• _Exercise_: Go to the line with "User manual |" in the material below and copy from there through the line with "Thank you. |", exactly. Pictures are not copied.

• _Source information_:
----
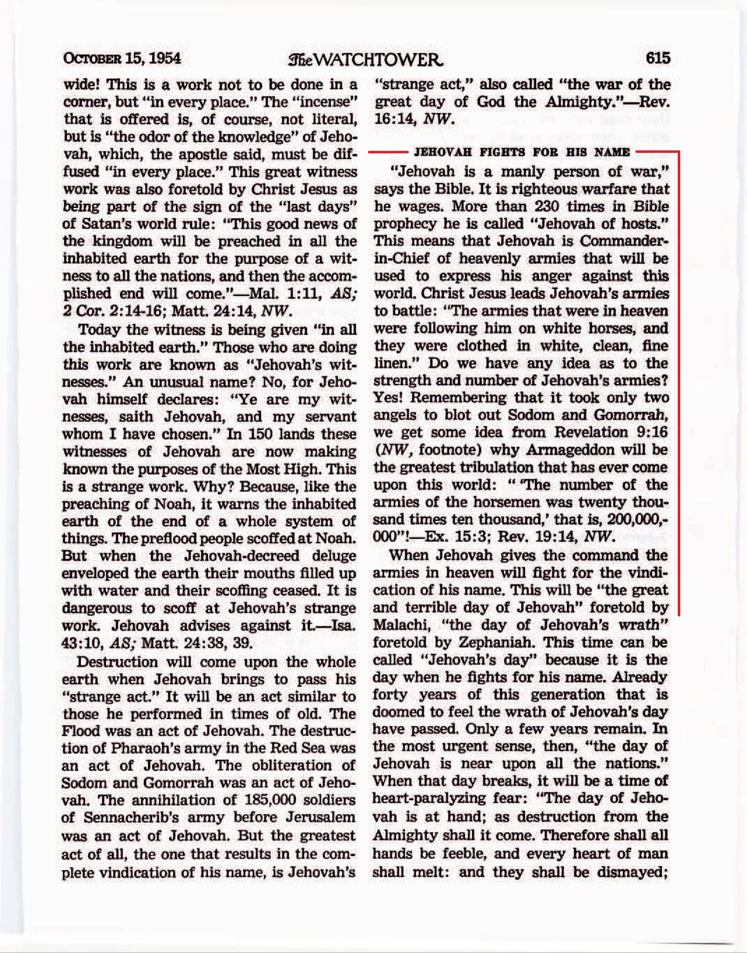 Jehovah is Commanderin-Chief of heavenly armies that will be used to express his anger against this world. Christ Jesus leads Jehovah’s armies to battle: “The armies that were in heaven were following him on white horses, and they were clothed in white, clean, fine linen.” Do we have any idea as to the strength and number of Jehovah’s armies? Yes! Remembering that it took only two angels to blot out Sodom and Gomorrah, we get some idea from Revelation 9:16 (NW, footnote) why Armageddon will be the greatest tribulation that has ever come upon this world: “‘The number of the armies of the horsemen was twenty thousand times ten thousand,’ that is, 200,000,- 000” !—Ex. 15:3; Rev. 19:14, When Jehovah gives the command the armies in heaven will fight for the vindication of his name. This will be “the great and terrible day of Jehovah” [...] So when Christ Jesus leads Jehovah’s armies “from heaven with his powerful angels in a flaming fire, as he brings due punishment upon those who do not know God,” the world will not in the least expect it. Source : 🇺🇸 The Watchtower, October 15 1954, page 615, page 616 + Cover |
----
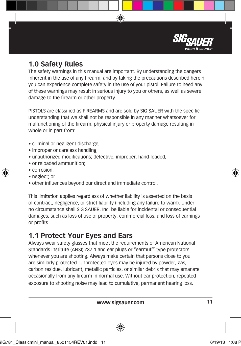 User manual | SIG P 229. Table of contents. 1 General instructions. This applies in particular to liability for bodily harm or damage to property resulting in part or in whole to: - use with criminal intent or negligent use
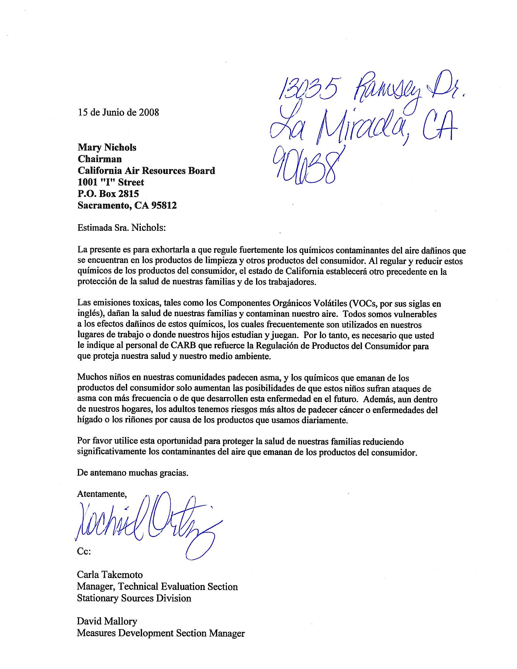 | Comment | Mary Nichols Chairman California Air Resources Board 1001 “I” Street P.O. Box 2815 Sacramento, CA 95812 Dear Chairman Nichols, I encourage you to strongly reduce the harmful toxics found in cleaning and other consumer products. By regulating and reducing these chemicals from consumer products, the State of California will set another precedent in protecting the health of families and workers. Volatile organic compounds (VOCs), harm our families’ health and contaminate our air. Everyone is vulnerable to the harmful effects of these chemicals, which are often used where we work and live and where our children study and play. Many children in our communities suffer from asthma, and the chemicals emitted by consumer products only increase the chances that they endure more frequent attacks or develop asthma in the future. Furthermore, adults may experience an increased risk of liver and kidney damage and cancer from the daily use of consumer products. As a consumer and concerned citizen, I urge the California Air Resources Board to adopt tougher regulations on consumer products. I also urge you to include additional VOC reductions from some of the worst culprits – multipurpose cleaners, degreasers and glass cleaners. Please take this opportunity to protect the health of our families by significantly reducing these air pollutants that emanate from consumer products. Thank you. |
----
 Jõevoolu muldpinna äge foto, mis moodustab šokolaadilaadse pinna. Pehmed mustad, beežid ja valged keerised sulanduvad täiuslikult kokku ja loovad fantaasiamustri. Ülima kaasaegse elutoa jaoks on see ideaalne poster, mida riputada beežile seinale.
----
• _Finished task_:
 User manual | SIG P 229. Table of contents. 1 General instructions. This applies in particular to liability for bodily harm or damage to property resulting in part or in whole to: - use with criminal intent or negligent use
 | Comment | Mary Nichols Chairman California Air Resources Board 1001 “I” Street P.O. Box 2815 Sacramento, CA 95812 Dear Chairman Nichols, I encourage you to strongly reduce the harmful toxics found in cleaning and other consumer products. By regulating and reducing these chemicals from consumer products, the State of California will set another precedent in protecting the health of families and workers. Volatile organic compounds (VOCs), harm our families’ health and contaminate our air. Everyone is vulnerable to the harmful effects of these chemicals, which are often used where we work and live and where our children study and play. Many children in our communities suffer from asthma, and the chemicals emitted by consumer products only increase the chances that they endure more frequent attacks or develop asthma in the future. Furthermore, adults may experience an increased risk of liver and kidney damage and cancer from the daily use of consumer products. As a consumer and concerned citizen, I urge the California Air Resources Board to adopt tougher regulations on consumer products. I also urge you to include additional VOC reductions from some of the worst culprits – multipurpose cleaners, degreasers and glass cleaners. Please take this opportunity to protect the health of our families by significantly reducing these air pollutants that emanate from consumer products. Thank you. |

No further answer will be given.